Q&A: Meg Handler
By Rafael Soldi | March 8, 2018
Meg Handler is Editor at Large for Reading The Pictures and a contributing editor for Hat & Beard Press. She is the former photo editor of The Village Voice. Following The Voice, Meg worked at U.S. News & World Report, Blender, New York Magazine, COLORS and Polaris Images. She has edited a number of books, including the monograph, Phil Stern: A Life’s Work, PAPARAZZI by Peter Howe, and POT CULTURE by Shirley Halperin and Steve Bloom, Mad World: An Oral History of New Wave Artists and Songs That Defined the 80’s, and DETROIT UNBROKEN DOWN by Dave Jordano.
In 2017 Meg co-curated ‘Whose Streets? Our Streets! New York 1980-2000, at the Bronx Documentary Center.

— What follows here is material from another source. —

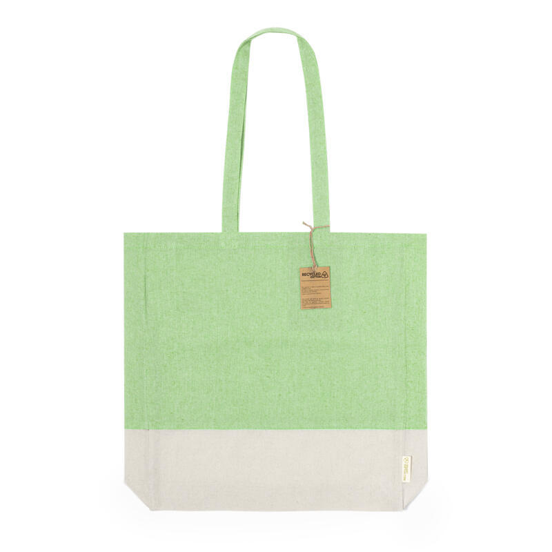 Bolsa en material 100% algodón reciclado de 120 g/m2. Asas largas de 70cm con refuerzo, de acabado cosido y fuelle. Logotipo en etiqueta lateral y resistencia hasta 8 kg de peso. Disponible en variada gama de colores nature con base de color natural.
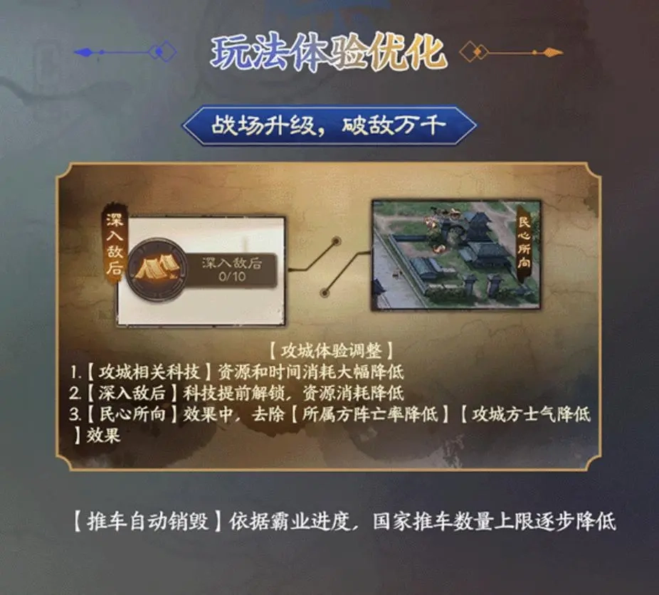 这里的调整都是在降低攻城难度,不仅大幅减少了攻城相关科技和深入敌后所需消耗的资源与时间,还取消了原先民心所向带来的阵亡率降低及敌军士气降低效果,由此可见本赛季是鼓励攻城战斗的。

After 20 years of immersion in the photography business, and having worked with some of the great photographers in New York and abroad, Meg now lives in Chicago. Meg received a Bachelor of Fine Arts in Photography from The Rochester Institute of Technology.
Rafael Soldi:You’ve been working with and around photography for a very long time. Currently as the Editor at Large at Reading the Pictures and prior to that at the Village Voice, New York Magazine, and others. You’ve also made some very good pictures of your own. We’ll get to go a little more in depth into all these phases of your career, but give us an overview of how you first fell in love with photography and your path from then to now.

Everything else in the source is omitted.